**Dataset**
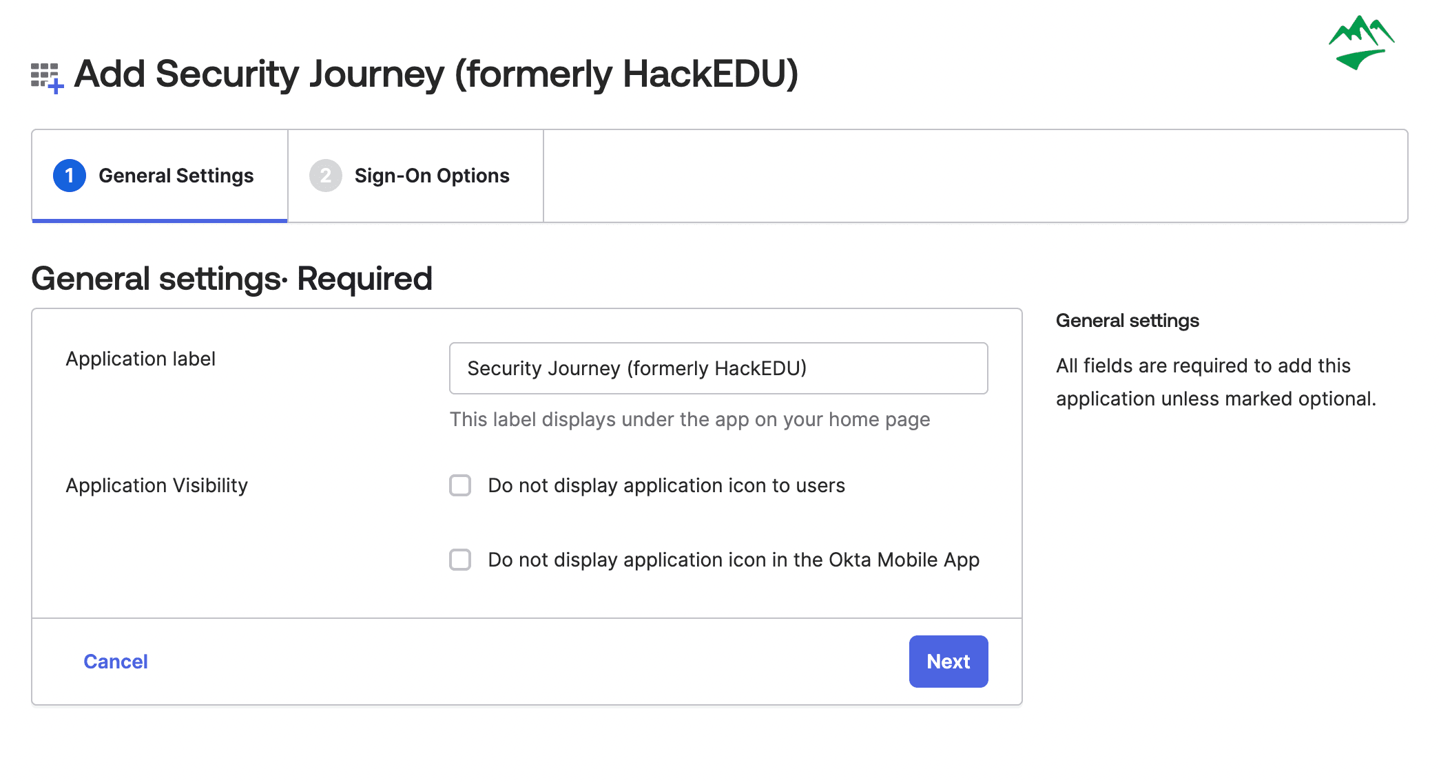 4. After adding the application, you can update the application label (if desired). You will also want to check the box under Application Visibility > Do not display application icon to users. Then click Next.
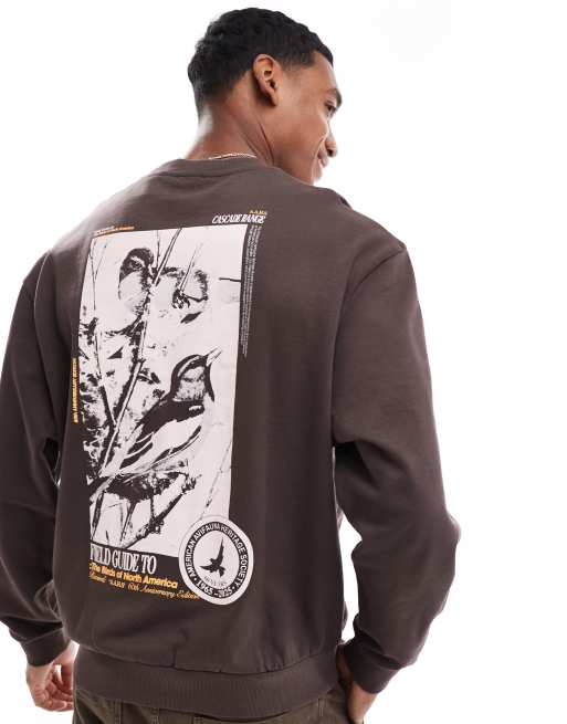 ASOS DESIGN – Brązowa bluza z fotograficznym nadrukiem z motywem ptaków na plecach
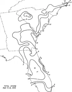 - Schoner, R. W.; Molansky, S. (July 1956). "Storms in the south Atlantic coastal region". Storm of September 4–8, 1933 (PDF) (Technical report). National Hurricane Research Project. Washington, D.C.: United States Weather Bureau. pp. 160–1. 3, Rainfall Associated with Hurricanes – via Weather Prediction Center.
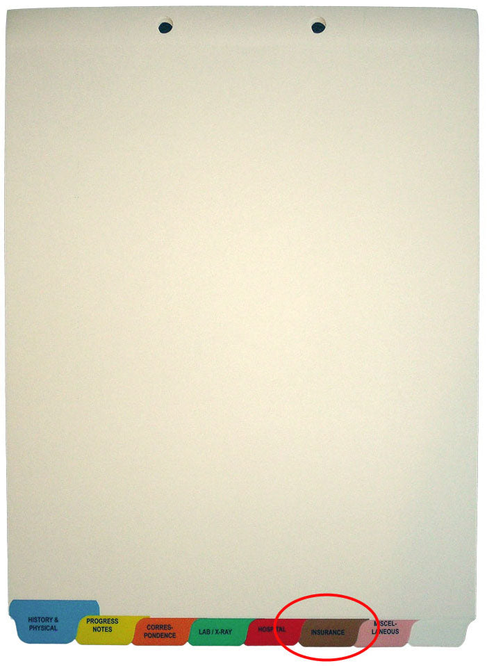 Individual Chart Divider Tabs, Insurance, Brown, Bottom Tab, 1/8th Cut, Pos. #6 (Pack of 25)
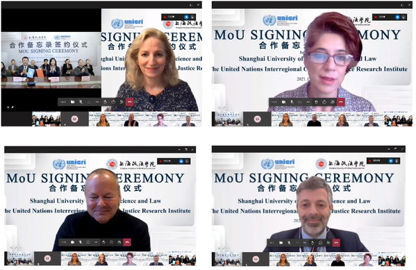 出席签约仪式的人员还有,国际交流处处长、国际交流学院院长欧阳美和教授、上海全球安全治理研究院常务副院长梅建明教授、刑事司法学院院长彭文华教授、警务学院院长蔡一军教授、365英国上市公司反洗钱与金融安全研究中心主任王铼教授、中国-上合基地合作部副主任王雅鹃;联合国区域间犯罪和司法研究所副主任列夫·维拉德森先生、联合国区域间犯罪和司法研究所副宣传专员玛丽娜·马奇尼女士、联合国区域间犯罪和司法研究所项目专员杜乔·马萨拉兹先生、联合国区域间犯罪和司法研究所团队助理艾丽丝·罗伯提小姐。签约仪式由中国-上合基地文献信息部主任张少英教授主持。
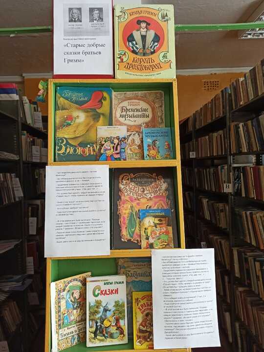 В Мановицком сельском филиале оформлена книжная выставка-викторина “Старые добрые сказки братьев Гримм”. На ней представлены вашему вниманию известные и любимые произведения братьев Гримм: “Бременские музыканты”, “Золотой гусь”, “Белоснежка”, “Король Дроздобород” и другие.
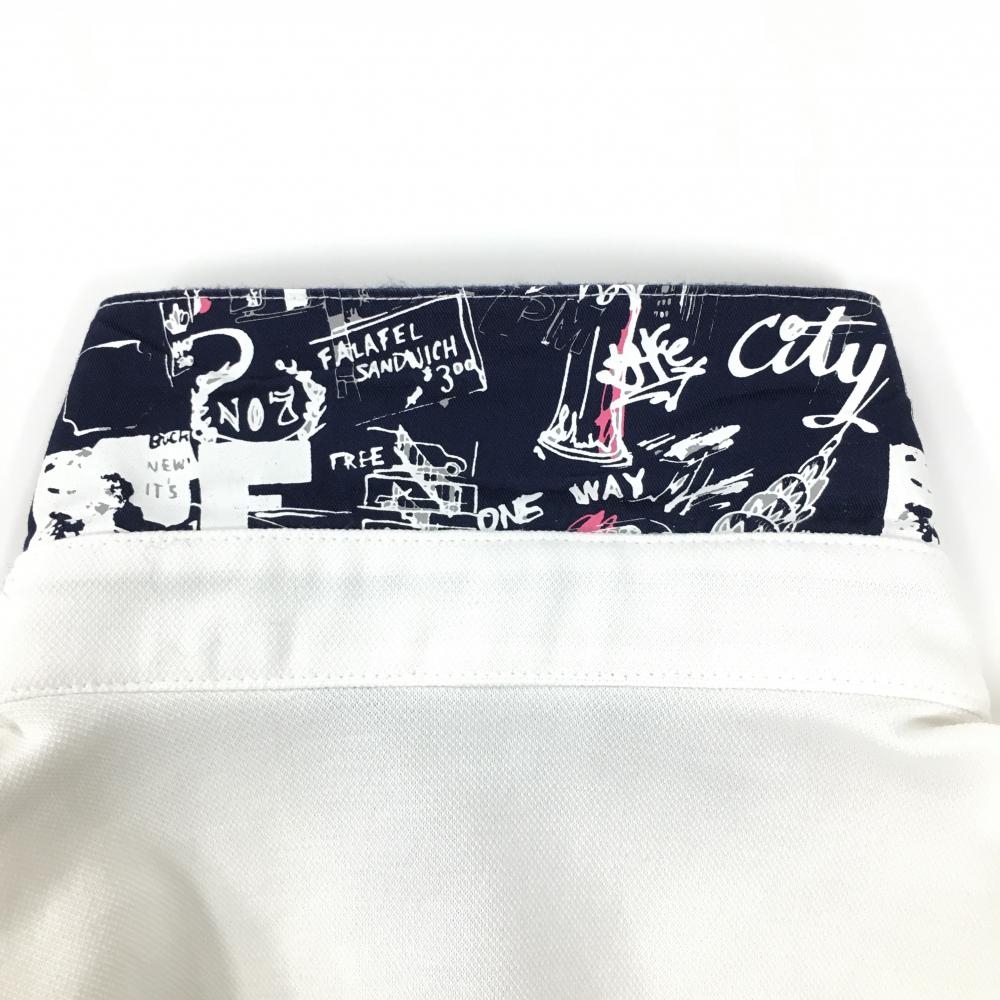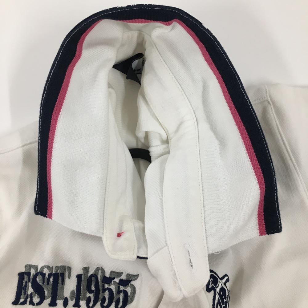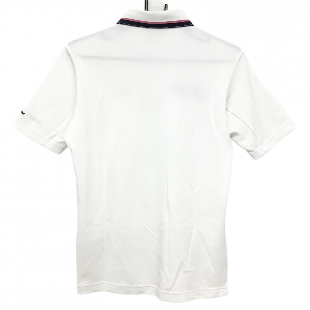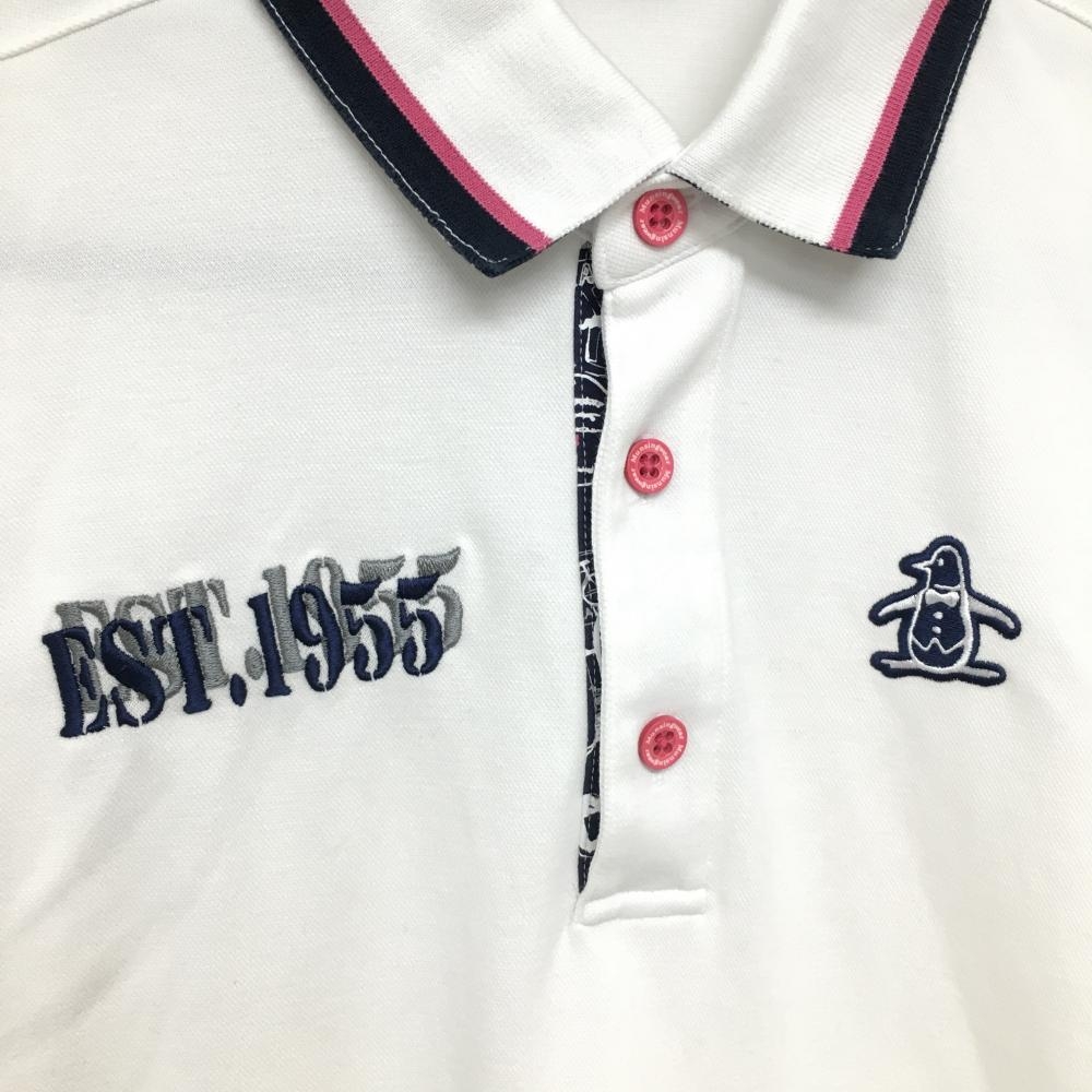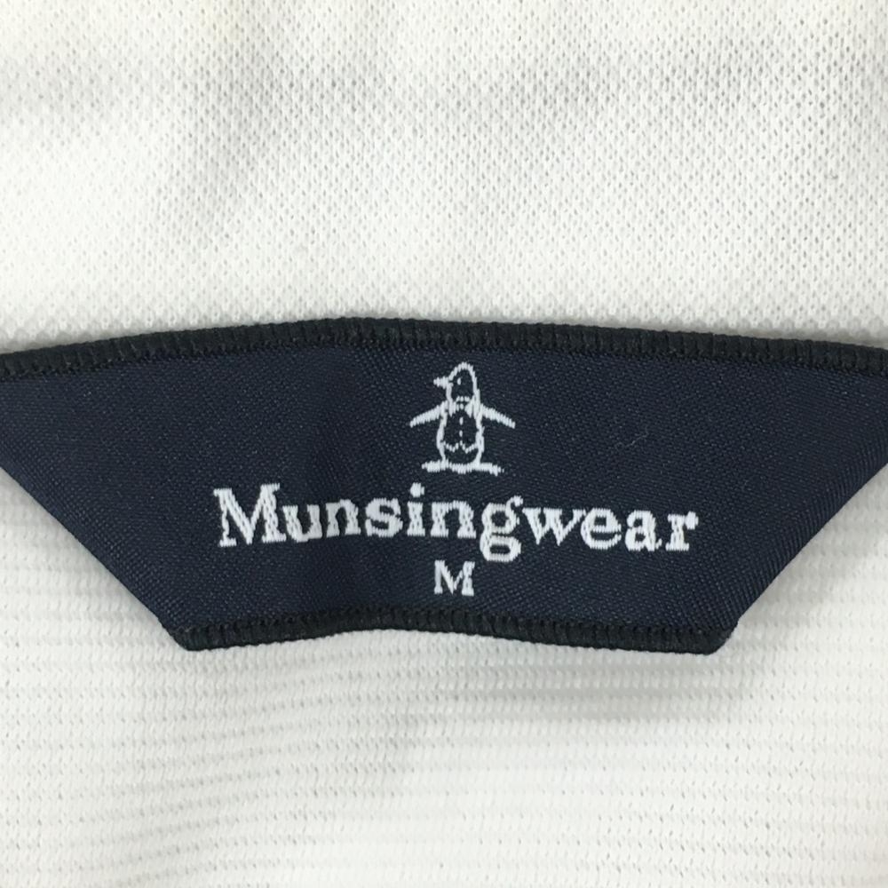 【美品】マンシングウェア 半袖ポロシャツ 白×ネイビー ロゴ刺しゅう 前立て内側柄 メンズ M ゴルフウェア Munsingwear
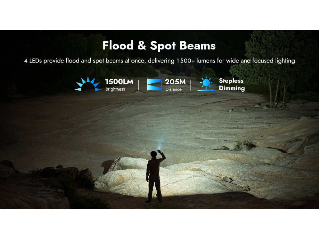4× automotive-grade 2016 LED (1 spot + 3 flood čipy, neutral white) poskytujú súčasne zameraný lúč na 205 metrov aj široké flood osvetlenie 1500 lúmenov bez potreby prepínať režimy. Real use case: Cyklisti pri nočnej jazde vidia detaily cesty (spot) aj okolie (flood). Technici pri práci pod autom osvietia motor aj pracovný priestor naraz. Turisti pri navigácii v teréne vidia cestu aj potenciálne prekážky na bokoch. Automotive-grade LED zaručujú konzistentný výkon bez blikania (PWM-free na vysokých režimoch).
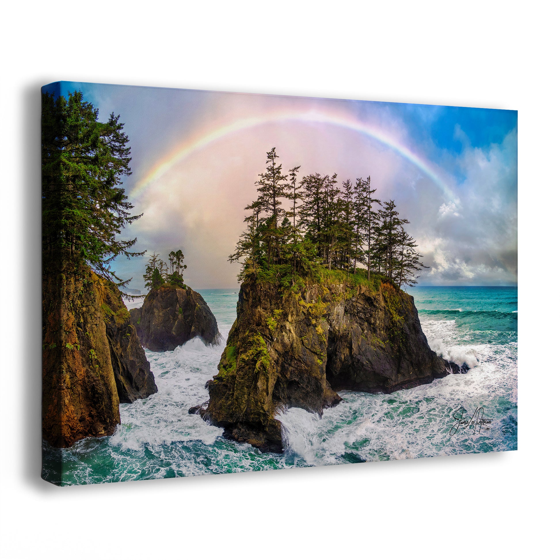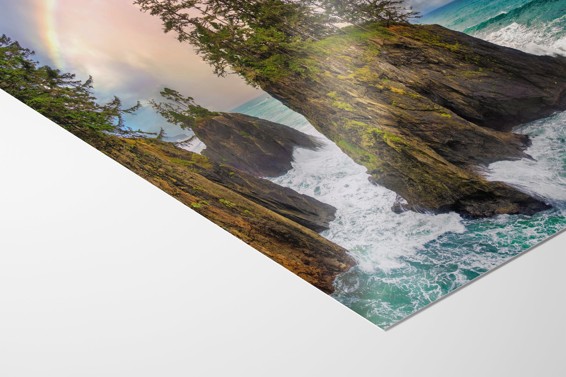 Capturing the natural elegance of the Pacific Northwest, this beach photo showcases the iconic Natural Bridges with waves gently crashing below and a vibrant rainbow arching across the sky. Perfect for adding a coastal touch to your home, office, dorm room, or meditation space, this ocean picture offers a tranquil escape from everyday life.
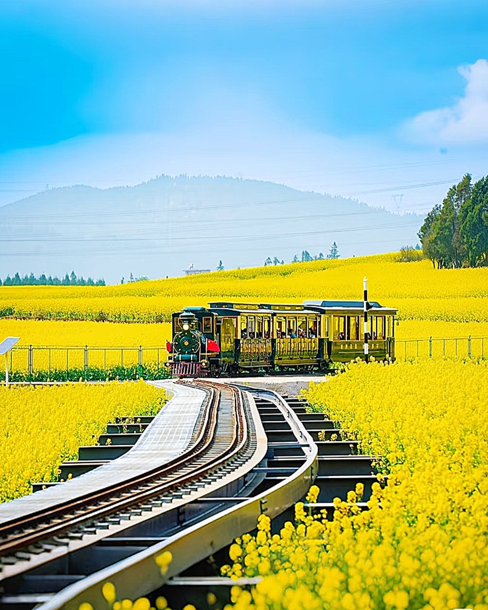 觀光鐵路從臨安站出發,途經雙龍橋站和鄉會橋站,終點為團山站。旅客可以體驗懷舊的車廂和沿途(春有油菜花)的田園風光。
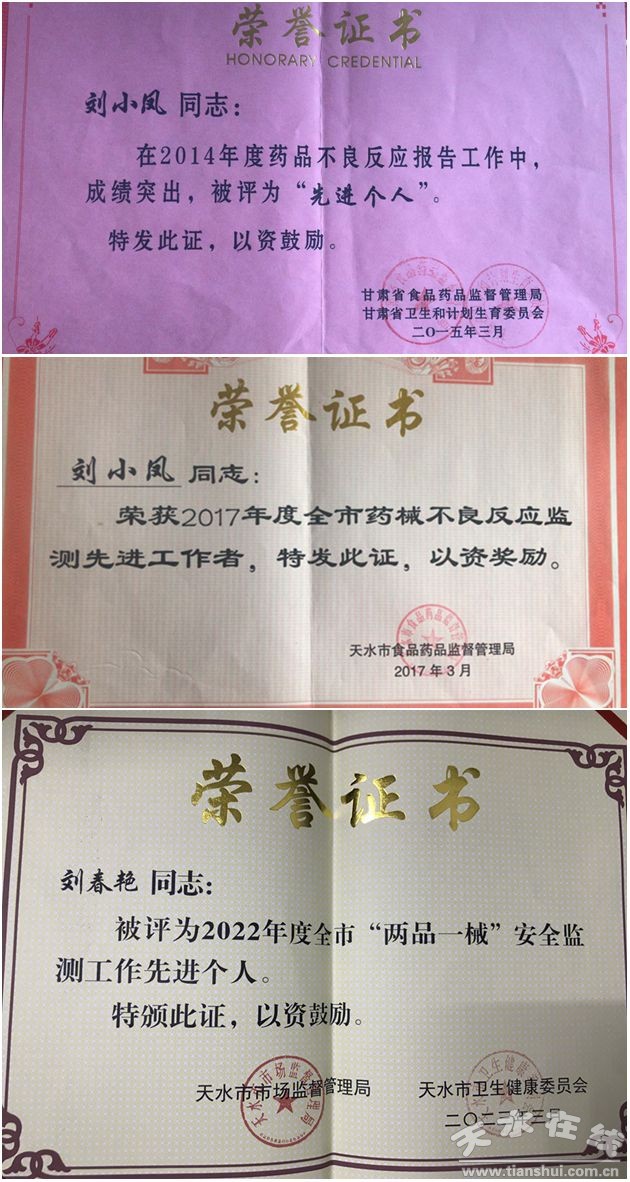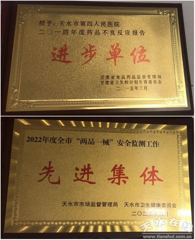 自我省開展藥品不良反應(yīng)監(jiān)測工作以來,醫(yī)院高度重視,持續(xù)健全制度體系、提升信息化建設(shè),創(chuàng)新工作方式,在全院上下的共同努力下,我院藥品不良反應(yīng)監(jiān)測工作得到了上級部門的充分肯定。先后被原甘肅省食品藥品監(jiān)督管理局、原甘肅省衛(wèi)生和計劃生育委員會評為“藥品不良反應(yīng)報告進步單位”、被天水市市場監(jiān)督管理局、天水市衛(wèi)生健康委員會評為全市“兩品一械”安全監(jiān)測工作先進集體,同時獲得個人榮譽5項。
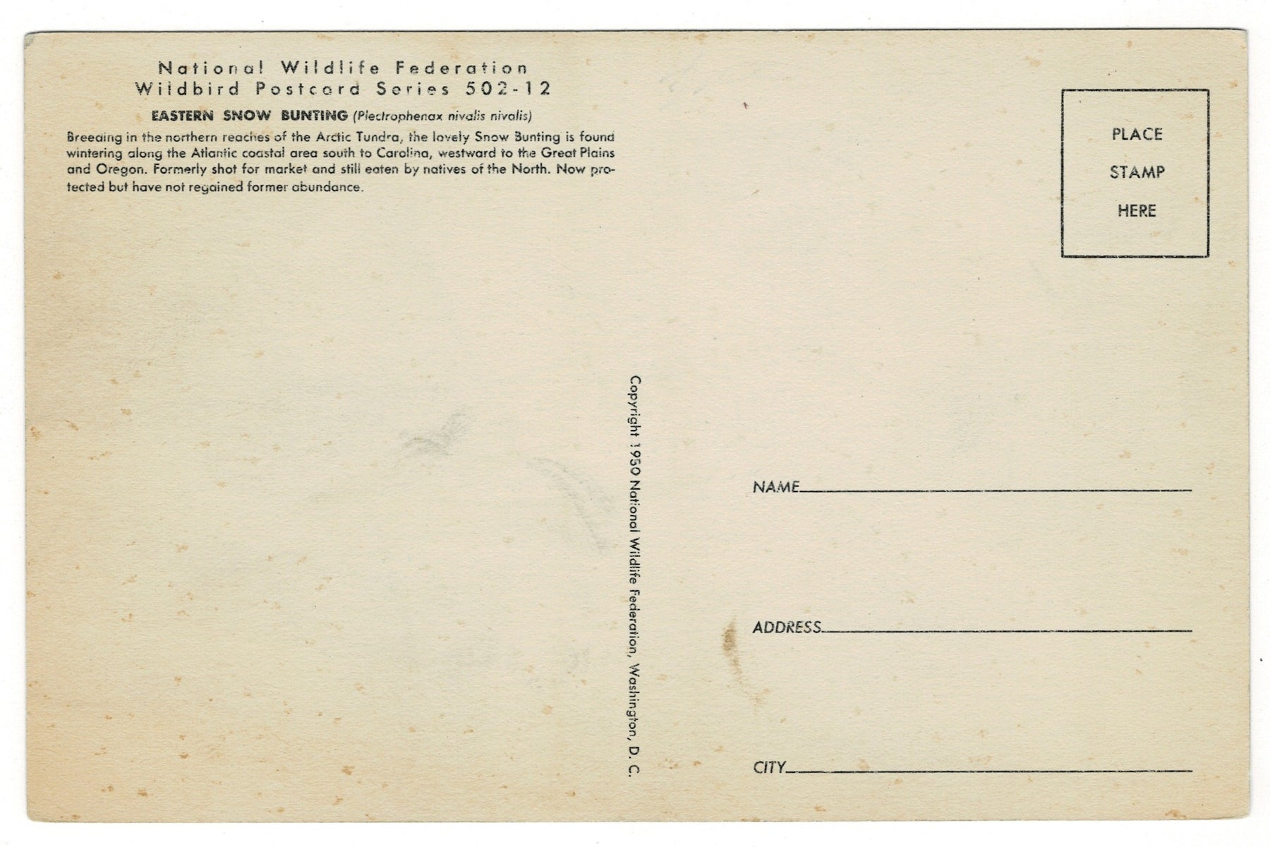 When winter winds sweep across open fields and the landscape turns to silver and white, a small, hardy bird flutters low over the snow like a drifting snowflake. This vintage National Wildlife Federation postcard captures that stark, beautiful moment. An Eastern Snow Bunting poised against a wintry backdrop, its pale plumage blending softly with the season it calls home. The scene feels crisp and quiet, evoking wide northern skies and the peaceful stillness of winter’s open country.

**About this exercise**
Starting with the line that has "出席签约仪式的人员还有,国际" and going on through the line that has "M ゴルフウェア Munsingwear", transcribe the records above exactly, but skip the pictures.

**Expected output**
 出席签约仪式的人员还有,国际交流处处长、国际交流学院院长欧阳美和教授、上海全球安全治理研究院常务副院长梅建明教授、刑事司法学院院长彭文华教授、警务学院院长蔡一军教授、365英国上市公司反洗钱与金融安全研究中心主任王铼教授、中国-上合基地合作部副主任王雅鹃;联合国区域间犯罪和司法研究所副主任列夫·维拉德森先生、联合国区域间犯罪和司法研究所副宣传专员玛丽娜·马奇尼女士、联合国区域间犯罪和司法研究所项目专员杜乔·马萨拉兹先生、联合国区域间犯罪和司法研究所团队助理艾丽丝·罗伯提小姐。签约仪式由中国-上合基地文献信息部主任张少英教授主持。
 В Мановицком сельском филиале оформлена книжная выставка-викторина “Старые добрые сказки братьев Гримм”. На ней представлены вашему вниманию известные и любимые произведения братьев Гримм: “Бременские музыканты”, “Золотой гусь”, “Белоснежка”, “Король Дроздобород” и другие.
 【美品】マンシングウェア 半袖ポロシャツ 白×ネイビー ロゴ刺しゅう 前立て内側柄 メンズ M ゴルフウェア Munsingwear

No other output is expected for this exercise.